13 L'hypothèse d'une organisation tripartite est toujours défendue actuellement (Oberauer 2001, 2002), même s'il existe un débat avec les tenants d'une architecture bipartite, fondée sur le focus attentionnel et la mémoire passive uniquement (McElree 2001, 2006).

Selon Sperber, lorsque le traitement échoue à intégrer une information nouvelle aux représentations stockées en mémoire active, un traitement de type symbolique prend le relais :

Il peut arriver cependant que le travail du dispositif conceptuel échoue à rendre ainsi pertinente l'information nouvelle. Par exemple – et c'est ce qui se passe dans le cas des odeurs – l'information nouvelle peut n'avoir été qu'insuffisamment analysée si bien que la mémoire active n'a pas été complétée par la mobilisation d'entrées encyclopédiques supplémentaires. Ou bien (…) les propositions auxiliaires qui établiraient la pertinence de l'information nouvelle ne peuvent pas être déduites de celles que contient la mémoire active, voire entrent en contradiction avec elles. Dans tous les cas une des conditions nécessaires à ce que la représentation nouvelle soit intégrée à la mémoire n'a pas été satisfaite et le travail du dispositif conceptuel a avorté. Reste donc une représentation conceptuelle inassimilable, qui est mise entre guillemets14 pour faire l'objet d'une seconde représentation, symbolique cette fois. (Sperber 1974 : 132-133)

Est ensuite décrit le mécanisme conçu comme constitutif du traitement symbolique. Pour Sperber, lorsque le traitement standard d''une information n'aboutit pas, le « défaut » d'analyse passe au centre de l'attention15. Le nouveau traitement, « symbolique », va alors consister à rechercher dans la mémoire passive des entrées permettant de réévaluer le défaut d'analyse du premier traitement de l'information nouvelle :

Ceci posé, je précise mes hypothèses sur la focalisation et sur l'évocation. Premièrement, le foyer de l'attention passe des propositions focales, du « sommet du cône » à la condition insatisfaite. Ainsi dans le cas des odeurs, l'attention passe du stimulus olfactif au fait qu'ayant cru le reconnaître, le souvenir manque qui aurait permis de l'identifier. Deuxièmement, cette condition insatisfaite devient elle-même le sommet d'un cône dont la base, cette fois-ci, est dans la mémoire passive. Cette base est un champ dont l'étendue varie et qui contient toutes les informations à partir desquelles la condition insatisfaite peut être réévaluée et le cas échéant remplie. L'évocation consiste à passer en revue et à éprouver les informations contenues dans ce champ. (Sperber 1974 : 133)
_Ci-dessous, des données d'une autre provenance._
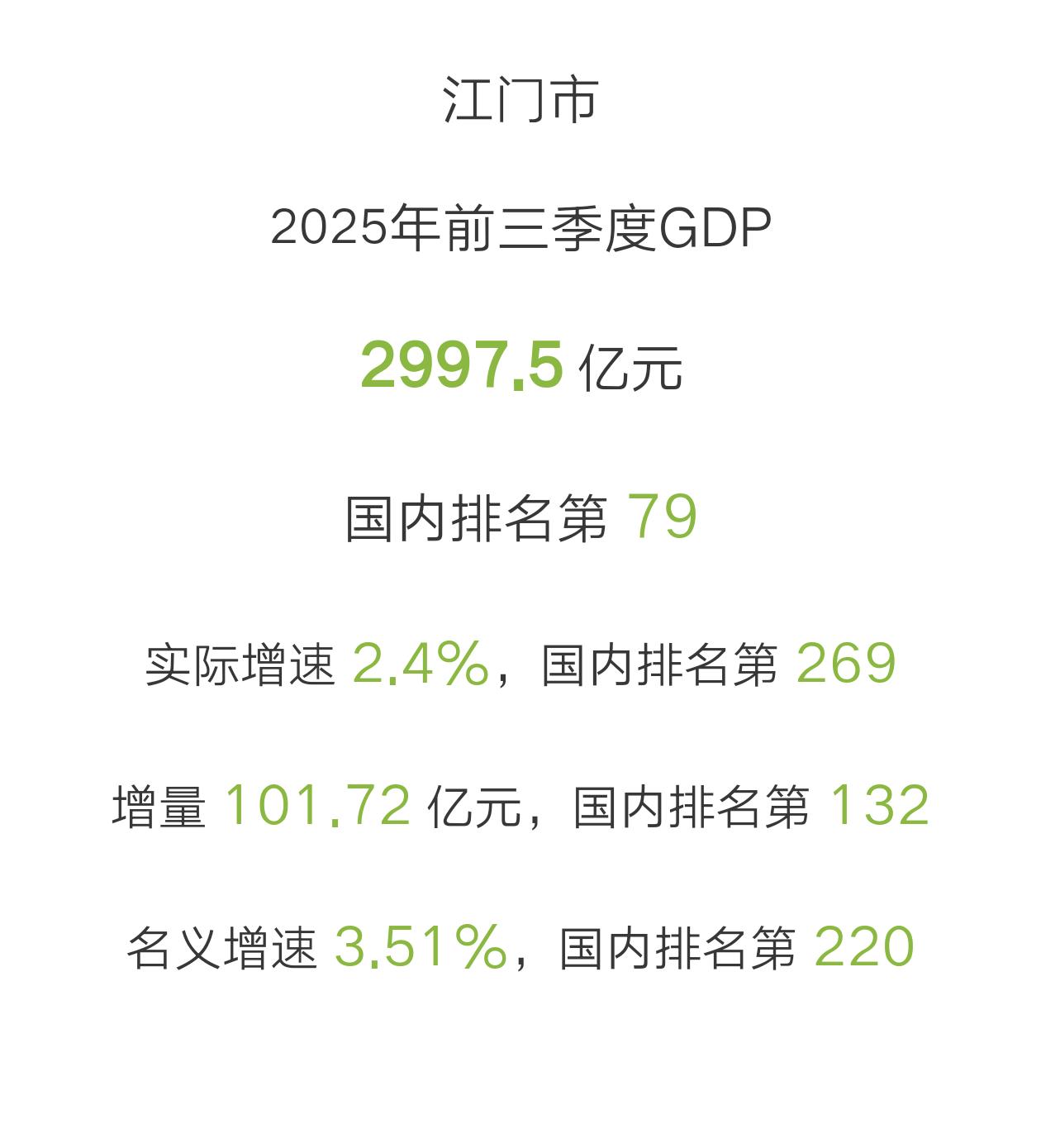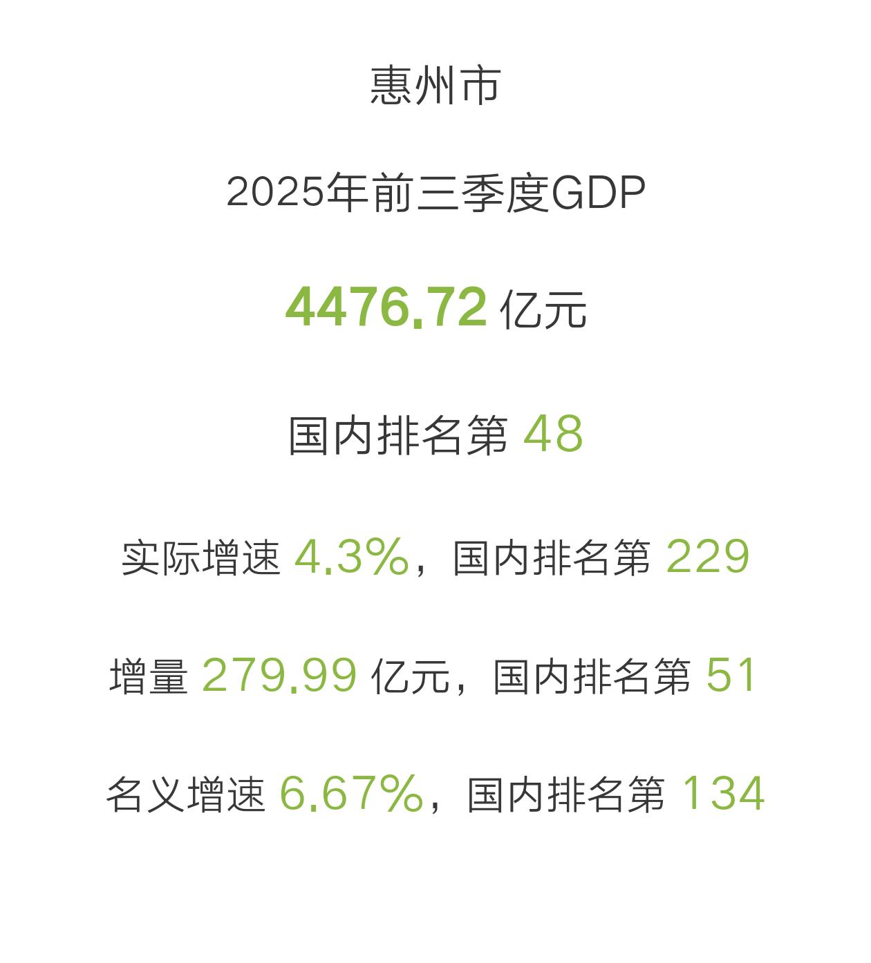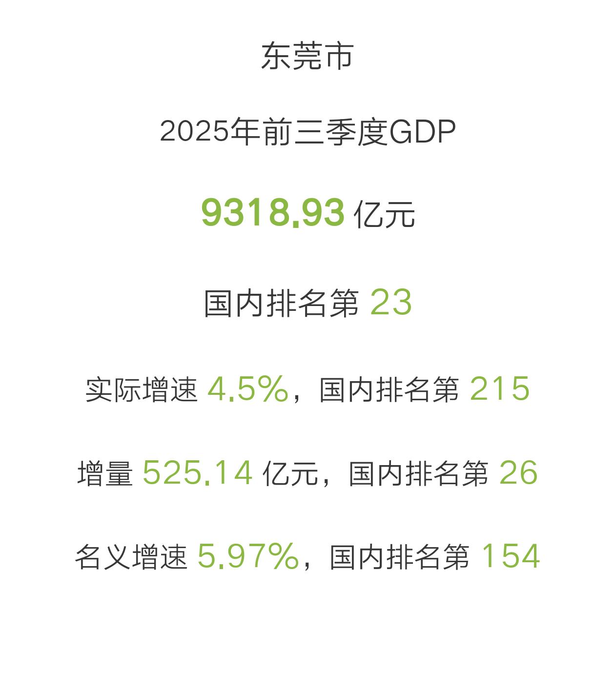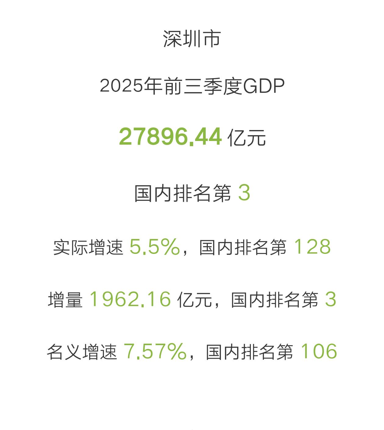 当下,广东珠西发展遇到了很大困难。2025年前三季度,佛山实际增长1.6%,名义增长3.06%;珠海实际增长2.8%,名义增长4.21%;江门实际增长2.4%,名义增长3.51%。中山表现最好,实际增长3.6%,名义增长6.55%。 相较而言,珠江东岸发展要好一些。深圳作为龙大老大,依然稳健,实际增速5.5%,名义增长7.57%;东莞实际增长4.5%,名义增长5.97%;惠州实际增速4.3%,名义增速6.67%。说实话,东莞、惠州也在艰难推进产业转型升级,但是走在珠西前面。 一快一慢之间,广东经济天平会进一步倒向珠江东岸。 老大哥广州今年表现可圈可点。实际增速持续提升,一季度是3%,二季度是3.8%,三季度是4.1%。名义增速也在5%以上,比去年好了不少。

14 Sperber finira par qualifier ces représentations de croyances réflexives, par opposition aux croyances intuitives (Sperber 1996 : 97-102, 118-135 ; sur les variations terminologiques chez Sperber, voir Dominicy (1999).

Le traitement symbolique décrit par Sperber prend donc en input le résultat d'un traitement inabouti, et effectue ensuite une recherche en mémoire passive. La théorie du symbolisme esquissée par Sperber « détermine donc un second mode d'accès à la mémoire : une évocation, adaptée là où la convocation échoue » (Sperber 1974 : 134). Sperber paraît donc suggérer que l'évocation consiste pour la conscience à accéder directement à une représentation en mémoire passive, sans passer par la mémoire active. Si l'on reprend l'exemple des odeurs, lorsqu'un stimulus associé à une odeur de brûlé est perçu par le sujet, ce dernier étant dans l'incapacité de l'analyser en transférant des représentations disponibles de la mémoire passive vers la mémoire active, va parcourir plus ou moins aléatoirement la mémoire passive à la recherche de représentations associables. Des situations où il aurait déjà perçu pareille odeur pourront donc servir au traitement de l'input. Incapable de convoquer un concept spécifique de l'odeur en question, le sujet va donc devoir se remémorer une expérience où ce type de stimulus a déjà été perçu.